Music For The People? Why We Deserve Better Than The Enemy | The Quietus

Music For The People? Why We Deserve Better Than The Enemy

Since Oasis, argues Luke Turner, a succession of lad rock bands have coined it in by patronising large swathes of British society.

Coventry was once a city of invention, a place where new ideas of progress and reform were forged in the heat of the Industrial Revolution. But these days the city’s most famous musical sons The Enemy follow a Luddite path. They are the logical conclusion of the Britpop-inspired idea that a certain type of male can only cope with ham-fisted guitar music and songs about birds, drinking, and living for the weekend. Along with the likes of Hard-Fi, their celebration of the ordinary exists not merely in how they commit their plodding indie to disc. New album Music For The People proudly announces that it’s made using tape rather than those new-fangled computers for a more authentic sound.
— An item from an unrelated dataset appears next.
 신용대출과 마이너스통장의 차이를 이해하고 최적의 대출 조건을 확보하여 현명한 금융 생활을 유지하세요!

But of course, it runs deeper than this. These groups are primarily celebrated for their weary lyrical break-downs of what it’s (supposedly) like to live in a grey and tedious regional town. Although (clumsy) political lyrics pepper their new album, and in the NME the band professed to not being "spokesmen", The Enemy reductively reinforce the stereotypes of white, working class life that they began to ‘explore’ on 2007’s We’ll Live And Die In These Towns — a furthering of the work of Jarvis Cocker this is not. In the same way as the worse instincts of religiosity make people happy with their earthly station in the hope of eternal paradise, The Enemy act as a mere panacea. What matter improving your lot, or daring to dream, if you can get the lads and lager together for a good old bellow along to The Enemy and their swaggering chums?
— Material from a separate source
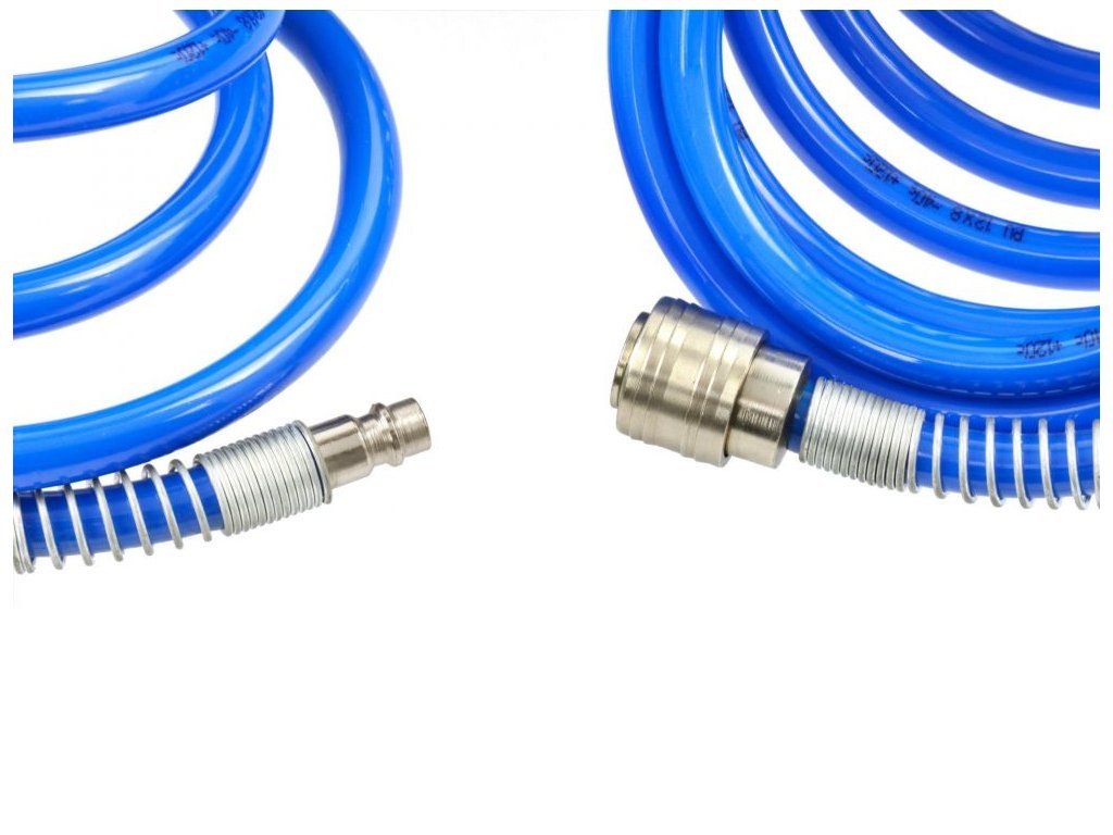 Spirálová pneumatická hadice o délce 20 m. Díky otočné rychlospojce lze k němu připojit jakékoliv pneumatické zařízení.

Like many of the things that have gone a little awry in the world of British music of late, the blame can be laid at the feet of Oasis. When the Mancunians first emerged, their lyrics were full of a desire to escape their background for a dream of being a rock ‘n’roll star — never mind what they became, there was a certain starry-eyed glamour to the band in their early days. Yet since? Bloated album follows bloated album, all flogged by motormouth Noel’s ceaseless proclamations that he’s a man of the people, despite having a healthier bank balance than Iceland. Oasis’ negative impact was immediate. The Verve abandoned deranged sonic exploration in favour of post-Definitely Maybe lad-rock as Richard Ashcroft sang "I stand accused / Just like you / Of being born without a silver spoon" in tribute to Gallagher senior. It’s tedious to go on about class honesty (though the legions of boozy footy fan men in the music biz desperate to hide their comfortable origins are certainly partly responsible for all this), but if Ashcroft was christened without a precious tea stirrer, his band’s new direction suggested that he knew exactly what he needed to do to get the full Sterling set.
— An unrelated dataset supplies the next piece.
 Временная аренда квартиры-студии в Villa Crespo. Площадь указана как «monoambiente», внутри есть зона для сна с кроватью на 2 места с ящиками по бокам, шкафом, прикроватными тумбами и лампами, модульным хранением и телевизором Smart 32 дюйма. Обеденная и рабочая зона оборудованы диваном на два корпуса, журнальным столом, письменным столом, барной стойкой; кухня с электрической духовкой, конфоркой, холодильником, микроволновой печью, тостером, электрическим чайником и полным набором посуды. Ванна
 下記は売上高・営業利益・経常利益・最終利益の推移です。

After Britpop’s blokes cleaned up (see John Harris’ The Last Party tome for a brilliant exploration of how conservative blokerock stifled the more creative end of mid-90s indie), record labels realised that the ‘lad market’ made for a convenient and easily marketed cash cow in the face of falling sales. Even good bands still end up getting lumbered with a tag that they clearly don’t want — the only words I heard Alex Turner utter to the beery sausage party crowd when the Arctic Monkeys played the Astoria were a terse "shut the fuck up" when they started chanting the footie results.

Why is it automatically assumed that groups like The Enemy are somehow speaking for millions? Why has have they become a cultural paradigm? Does this not smack of exploitation, rank snobbery, and a patronising attitude on the part of the record labels? Are vast swathes of the population being pigeonholed by cynical marketeers, and even bands themselves? You only have to look at Roxy Music, The Fall, Pulp, The Smiths, PiL, Manic Street Preachers and Scritti Politti to see bands who came from working class, or lower middle class, backgrounds but went on to make groundbreaking, intelligent music that engaged with experimentation and radical thought. Where are the dreamers, the romantics, the visionaries? One can only hope that The Enemy join the rest of the landfill indie groups currently drying on the gibbet in this glorious spring sun of 2009, leaving the people of Britain to be rewarded with the music that they so richly deserve.